Member of the Virginia House of Delegates from the 53rd district
- In office January 8, 1992 – January 8, 2014
- Preceded by: Bill Howell
- Succeeded by: Marcus Simon

Member of the Fairfax County Board of Supervisors from the Providence district
- In office January 1972 – July 1986
- Succeeded by: Katherine Hanley

Personal details
- Born: James Martin Scott June 11, 1938 Galax, Virginia, U.S.
- Died: April 13, 2017 (aged 78) Springfield, Virginia, U.S.
- Party: Democratic
- Spouse: Nancy Virginia Cromwell
- Children: Casey, Mary Alice
- Alma mater: University of North Carolina George Mason University
- Occupation: Community affairs consultant

= Jim Scott (Virginia politician) =

American politician (1938–2017)

James Martin Scott (June 11, 1938 – April 13, 2017), known as "Landslide Jim", was an American politician and community affairs consultant.
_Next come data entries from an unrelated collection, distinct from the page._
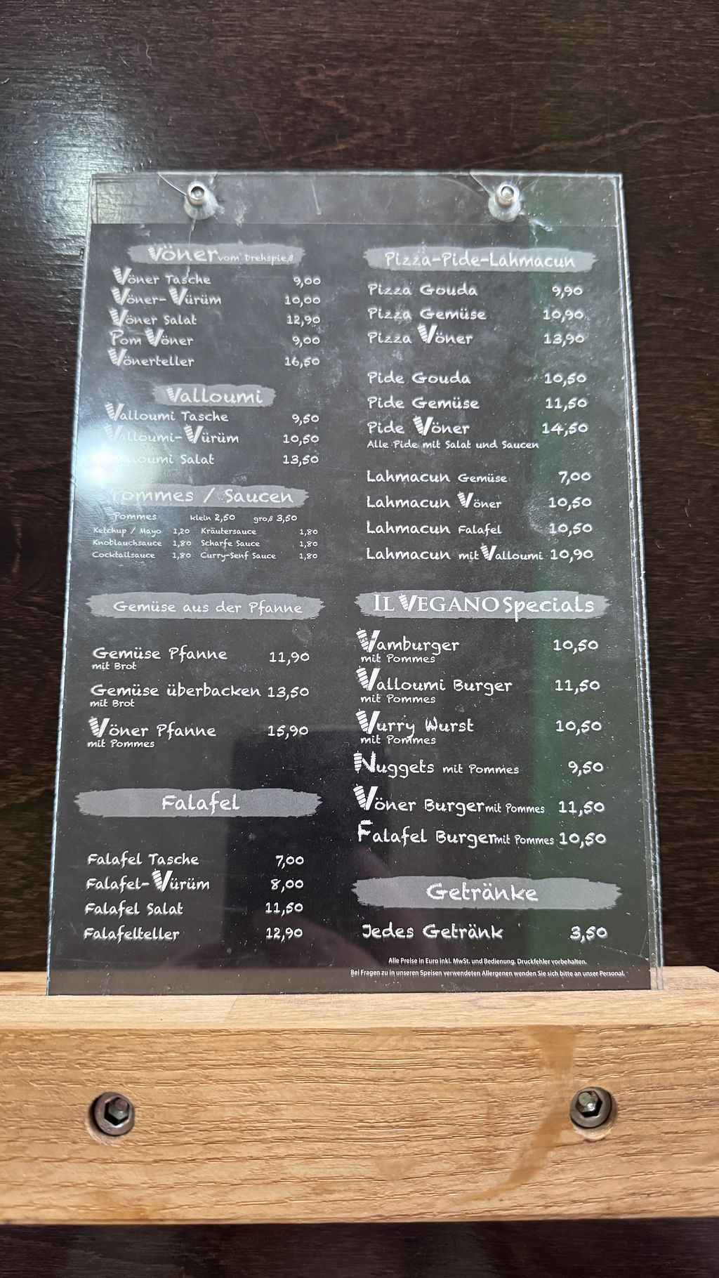 zwar teuer, aber sehr sehr geil und alles selbstgemacht. besonders empfehle ich den lahmacun vöner. da ist ganz viel tolles gemüse drin wie zb süßkartoffel usw ❤️ auch die soßen sind ganz ganz toll
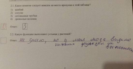 Много споров вызвали явно издевательские ответы. По всей видимости, дети не знали, что ответить, и просто шутили. Один из школьников написал, что его мозг никаких функций не выполняет, и предпочел не отвечать на поставленный вопрос по биологии.
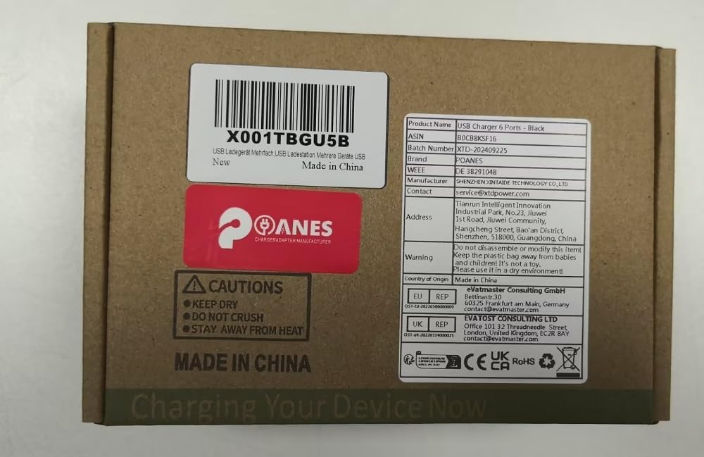 - Intelligentes Laden;Dieses Multi-USB-Ladegerät verfügt über 6 Anschlüsse und jeder Anschluss kann bis zu 2,4 A ausgeben, mit einem Maximum von 4 A über alle Anschlüsse hinweg. Es kann an jedem Port angeschlossene Geräte automatisch erkennen und

A member of the Democratic Party, he was elected to the Virginia House of Delegates in November 1991 by a margin of a single vote, and served eleven terms, declining to seek re-election in 2013. He represented the city of Falls Church and part of Fairfax County, including Merrifield; since at least 2002, the district was numbered the 53rd.

==Early and family life==
Born in Galax, Virginia, in 1938, Scott graduated from the University of North Carolina at Chapel Hill, North Carolina, receiving a B.A. in 1960; and M.A. in 1965. Upon moving to northern Virginia to work for the Inova Health System, Scott attended graduate classes at George Mason University, and received a master's degree in public affairs in 1982. His charitable work included through his United Church of Christ church, the Fairfax Partnership for Youth (board of directors), AHOME (Affordable Housing Opportunities Means Everyone), and the Fairfax Fair.

==Career==
Scott worked as community affairs consultant for Inova Fairfax Hospital. He served, part-time, on the Fairfax County Board of Supervisors from 1972 to 1986. Other public service positions he held were on the Metropolitan Washington Council of Governments, Northern Virginia Planning District Commission, Northern Virginia Transportation Commission (former chairman), Virginia Association of Counties (former President), and the Washington Metropolitan Area Transit Authority.

Scott was elected to the Virginia House of Delegates in the 1991 House of Delegates election to represent the 53rd district (covering the city of Falls Church), defeating Republican opponent David G. Sanders. Following a recount, Scott's margin of victory was determined to be a single vote (6,493 to 6,492), resulting in him earning the nickname "Landslide Jim". During his tenure in the House of Delegates, he was considered to be a political liberal. Scott was re-elected 10 times. from 1991 to 2011.

In 2013 Scott announced that he would not run for reelection to the House of Delegates. He endorsed Marcus Simon, his former aide turned real estate lawyer, who was elected his successor.

==Death==
Jim Scott died on April 13, 2017, from complications of Alzheimer's disease. He was 78 years old.